Just a few years ago, to get a commercial to a TV station, I would have to make copies on tape and deliver the tapes to the stations. Some wanted *cough* a DVD. Thankfully, with progression of technology, all can now accept a digital file uploaded to their servers primarily via FTP. Before the commercial would be approved by the client, they would have to preview and approve the video. Depending on their operating system and their email restrictions, I’d have to send a multitude of preview file .mp4, .wmv or whatever we found that their computer could play–and get to them.
Even with digital file delivery, there are headaches involved!
Typically for a given client, I need to send the commercials to five or so TV stations. Each representative of course needs to know when the spot was uploaded, the file name, etc. If we are on a time crunch to get on air for the next day, they want to know when it is being uploaded, how much longer, etc. So, I would have to be physically sitting in front of the computer monitoring each FTP upload. I didn’t like this because sometimes I would need to go out and film something for another client or something.
Let’s not forget about trying to email the preview files to the clients as I already mentioned! For some that couldn’t even receive a video attachment due to their IT department’s security policies, I would have to either upload it to vimeo or youtube, unlist it and let them view that way. Yeah, that works, but when getting into multiple versions and such, it just gets too cluttered and too many places to do things. Oh yeah, some clients couldn’t even access vimeo or youtube due to IT restrictions.
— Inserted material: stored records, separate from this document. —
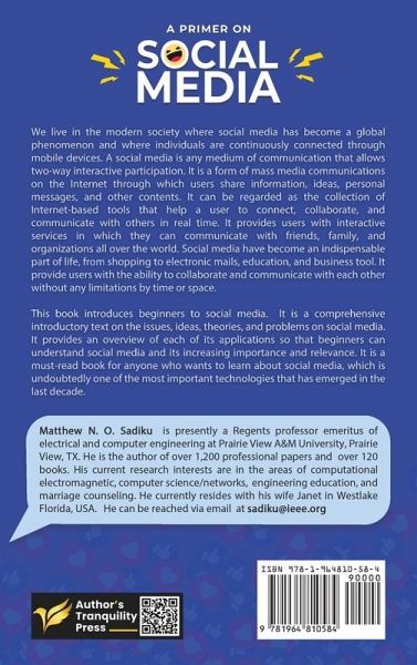 We live in the modern society where social media has become a global phenomenon and where individuals are continuously connected through mobile devices. A social media is any medium of communication that allows two-way interactive participation. It is a form of mass media communications on the Internet through which users share information, ideas, personal messages, and other contents. It can be regarded as the collection of Internet-based tools that help a user to connect, collaborate, and communicate with others in real time. It provides users with interactive services in which they can communicate with friends, family, and organizations all over the world. Social media have become an indispensable part of life, from shopping to electronic mails, education, and business tool. It provide users with the ability to collaborate and communicate with each other without any limitations by time or space. This book introduces beginners to social media. It is a comprehensive introductory text on the issues, ideas, theories, and problems on social media. It provides an overview of each of its applications so that beginners can understand social media and its increasing importance and relevance. It is a must-read book for anyone who wants to learn about social media, which is undoubtedly one of the most important technologies that has emerged in the last decade.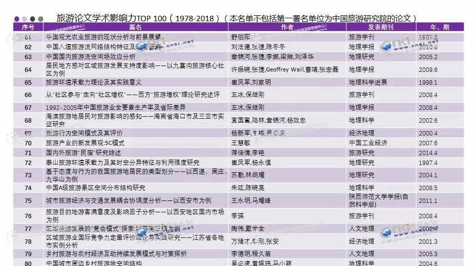 本次遴选通过定量定性结合的方式,科学、客观地评选出从1978年至2018年内,在旅游专业学科内最具影响力的学术论文和作者。我校万绪才教授以第一作者身份发表的《区域旅游业国际竞争力定量评价理论与实践研究——江苏省各地实施例分析》入围“旅游论文学术影响力Top100”,同时本人名列“旅游论文作者学术影响力Top100”第46名,钟士恩副教授名列第86名。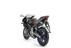 Агрессивные линии новой Aprilia RS 50 обусловлены новым обтекателем протестированным в аэродинамической трубе. Новые парные фары также дают намного лучшую видимость и вносят свой вклад в агрессивный вид этого невероятного 50 куб.см. мотоцикла.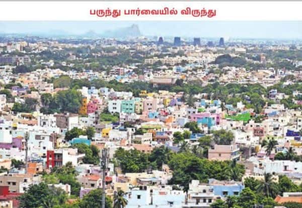 துறைமுகத்தில் கலர்கலராய் கன்டெய்னர் டப்பாக்களை அடுக்கி வைத்துள்ளனரோ என்று கருத வேண்டாம். கட்டடங்களுக்கு மத்தியில் மீனாட்சி அம்மன் கோபுரங்களும், ஒத்தக்கடை யானைமலையும் ஒன்றாய் சேர்ந்து பருந்து பார்வையில் 'கண்ணுக்கு விருந்தாய்' கேமராவில் பதிவாகியுள்ளது. இடம்: மதுரை பசுமலை.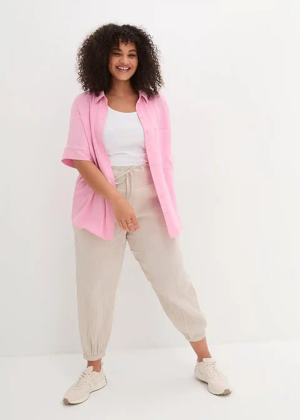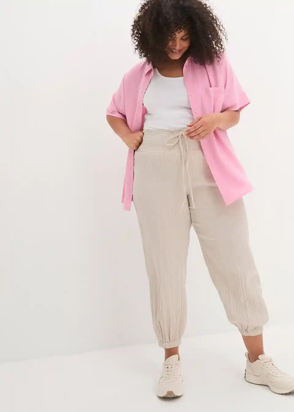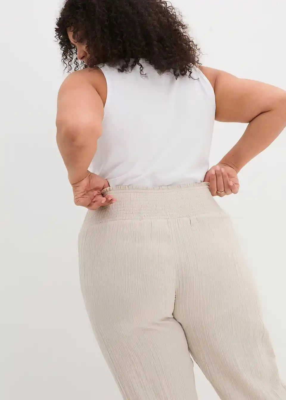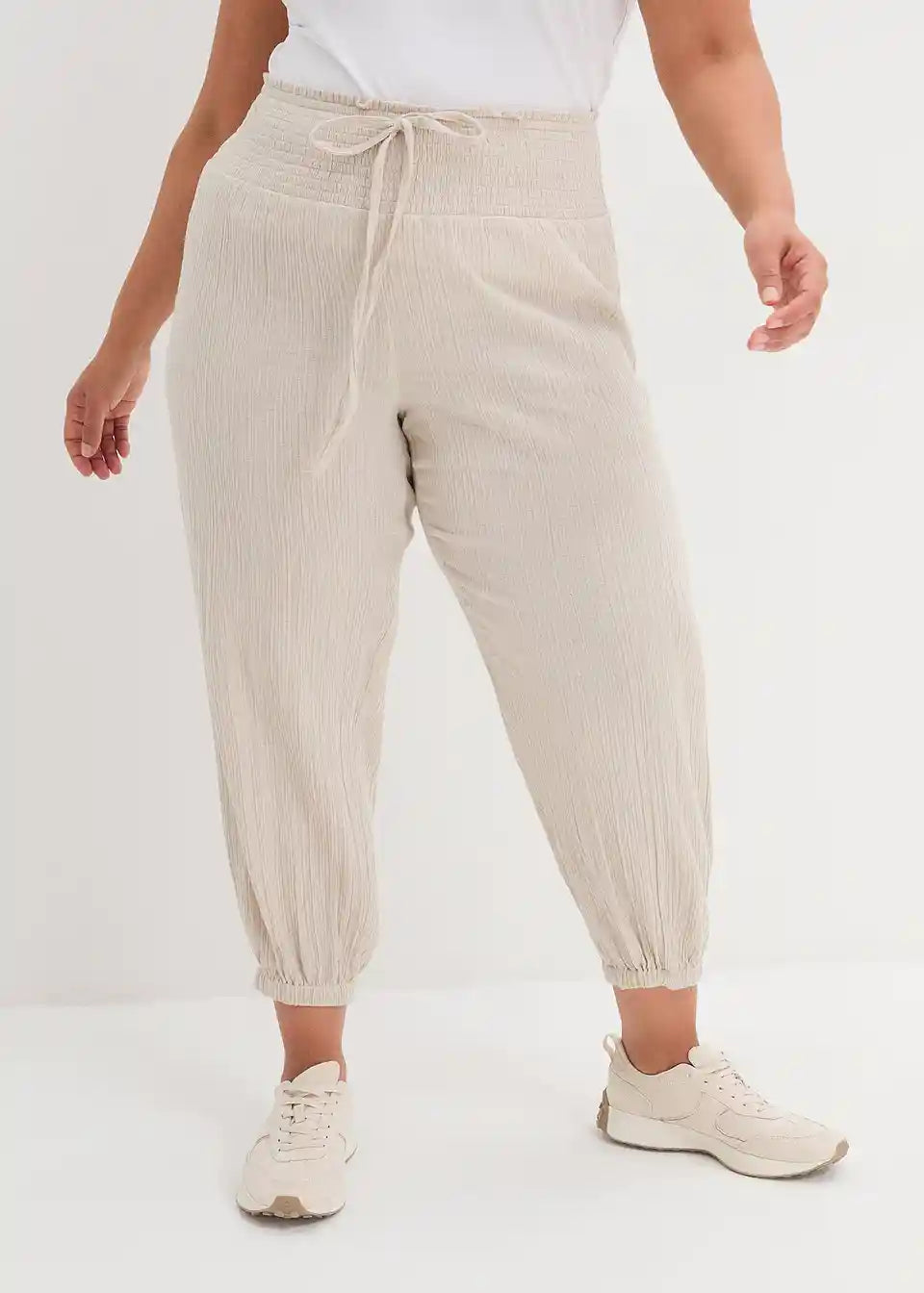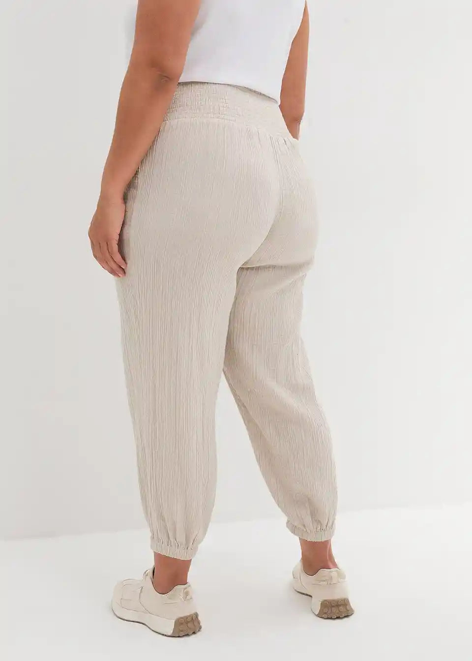 Udobne mušelinske hlače sa širokim elastičnim pojasom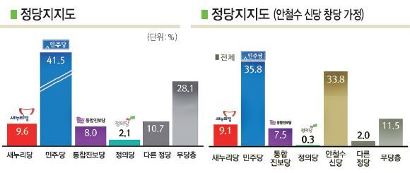또 무소속 안철수 의원의 신당 창당을 가정한 정당 지지도에서는 민주당이 35.8%의 지지율로 33.8%의 지지를 얻은 안철수 신당을 오차범위 내에서 앞서며 접전을 벌였다. 이어 새누리당 9.1%, 통합진보당 7.5%, 정의당 0.3%, 다른 정당 2.0%로 나타났으며 무당층은 11.5%로 줄었다.
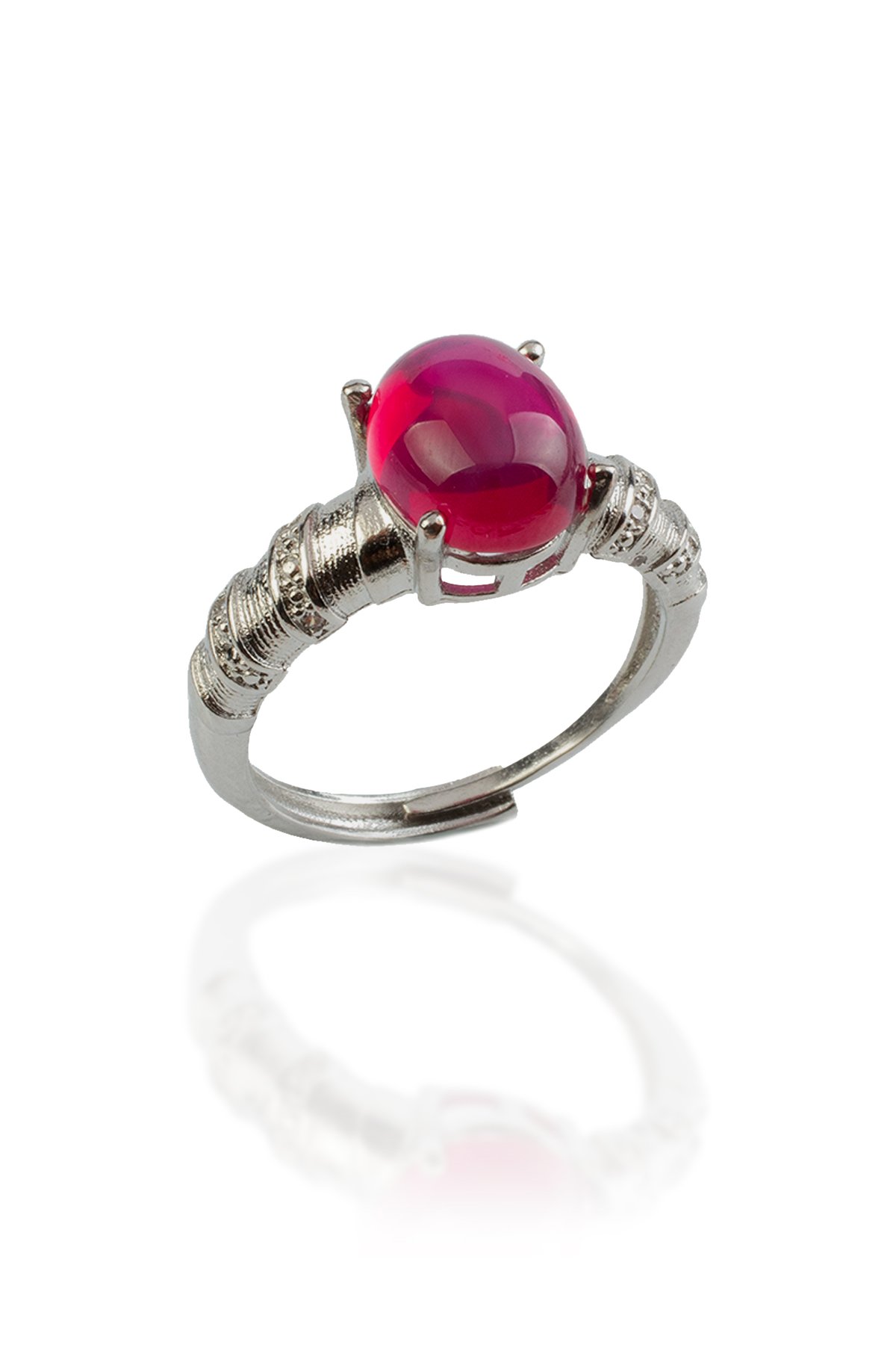 Yakut Doğal Taş Oval Kesim Pirinç Üzeri Gümüş Kaplama Ayarlanabilir Yüzük (DGLYZK-0188)

So how to share video files with all of these people?
I explored several options for sharing files. Some were online services such as Dropbox, and others were self-hosted solutions that I could run on a server in my office such as OwnCloud, Pydio, Projectsend, and more. The online services had great user interfaces and seemed good, but those very large files I’d sometimes have to deal with were excruciating waiting to upload and download. I needed something to eliminate the time for transfers from the cloud. The self hosted methods eliminated that. If I was waiting on a 4 GB file from someone, they could just upload to my network and I could copy to an edit station within seconds instead of an hour or more. The problem I ended up finding was sending the final videos to the TV stations and networks. I was able to share those files to the station reps, but they didn’t have time to download them… the policies for most of the stations was for someone to upload to their FTP servers. Ugh.
I got tired of limitations, so I built my own file server.
Being proficient with technology and having built some websites in the past, I figured that I could take the time I spent on testing all the different paid and open source solutions and build my own system.